You should definitely avoid revisiting the same edges multiple times. If
all you want is min/max age *values* (as opposed to the nodes withs
those values), then just call `tree.internal_node_ages()`. This returns
a (sorted) list of internal node ages, where "age" is defined as sum of
edge lengths from the tips. I am assuming that you want to exclude tip
nodes (age == 0), and that's why I suggested "tree.internal_node_ages()"
as opposed to just "tree.node_ages()". You also probably want to exclude
to root age:
node_ages = tree.internal_node_ages()
n2 = [a for a in node_ages if a < tree.seed_node.age]
min_age = min(n2)
max_age = max(n2)
(NOTE: I have not actually run the above fragment, and just wrote it off
the the top of my head, so it may need tweaking to work).

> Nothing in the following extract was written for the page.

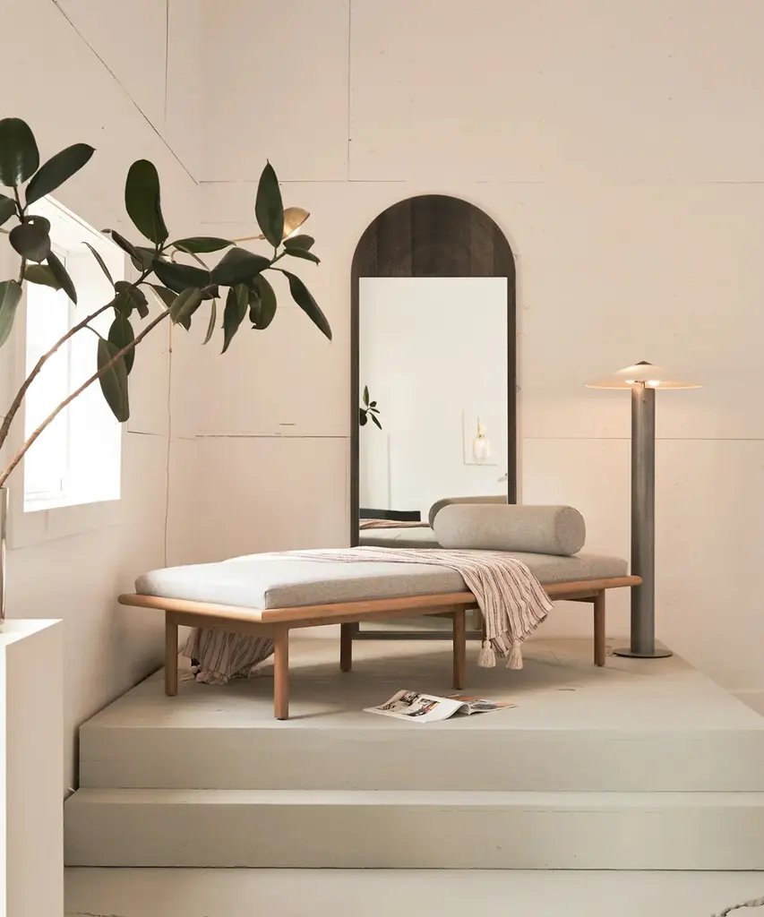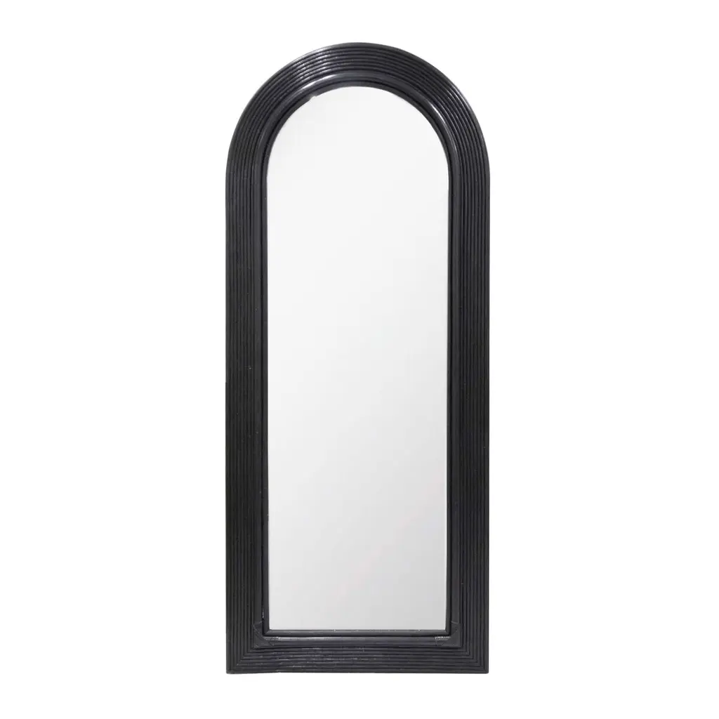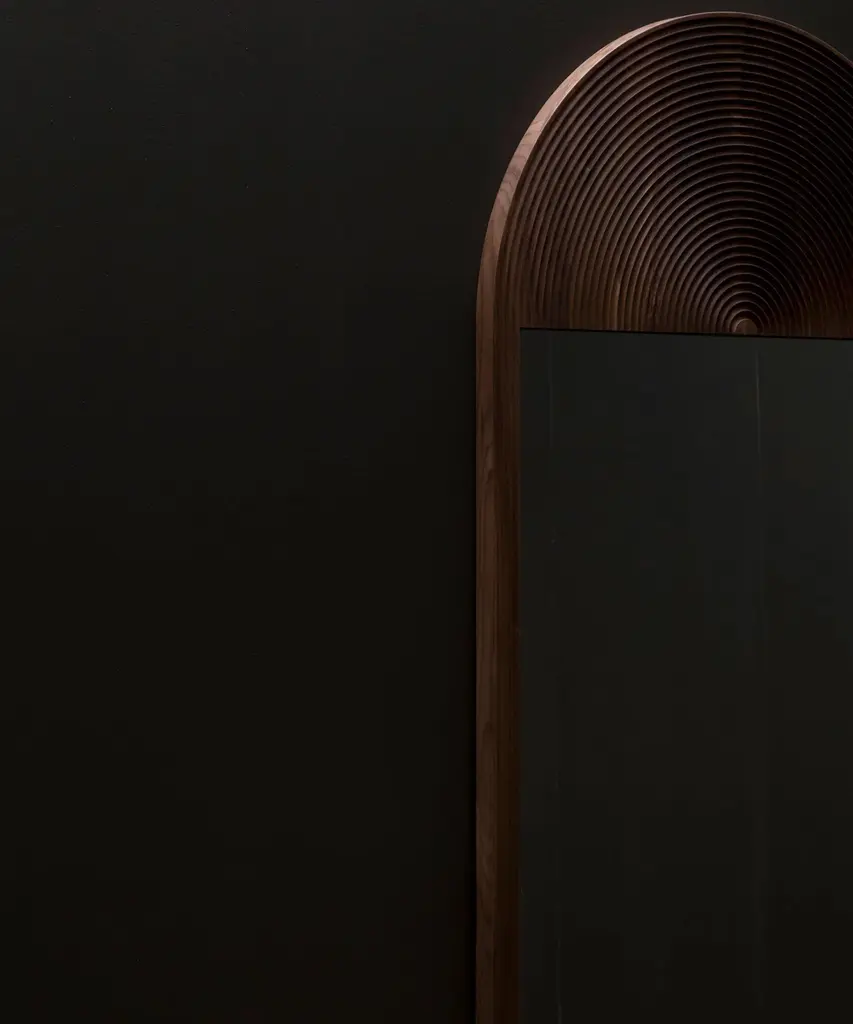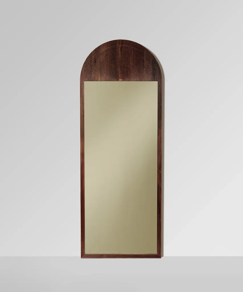 Concentric circles carved into the maple wood of the June Floor Mirror create a stunning sculptural pattern both modern and reminiscent of glamorous 1970s decor. This voluminous mirror reaches all the way to the floor and comes with mounting hardware. Each piece is designed and hand-produced by Coil + Drift, a lauded New York's Catskill Mountains based design studio known for its vividly three-dimensional and material-forward collections.

Things get a little more tricky if you actually want the nodes
associated with those ages. You can just make a second pass through the
tree to find them (via the age attribute), but if efficiency is a
concern, you almost definitely want to roll your own custom age
calculating function based on `tree.calc_node_ages()` that gets you the
nodes directly.
On 12/9/14, 6:20 PM, Yan Wong wrote:
>
> Thanks. I was wondering if there was a measure built-in to the tree
> metadata, or a routine that did it for me without having to iterate
> through nodes and so revisit the same edges multiple times? I
> guess calc_node_ages() is the thing I need to calculate values over the
> whole tree, even though I only need to store the max and min lengths.
> I'm probably just being overly worried about optimisation, but then I am
> expecting to deal with trees with > 100,000 nodes.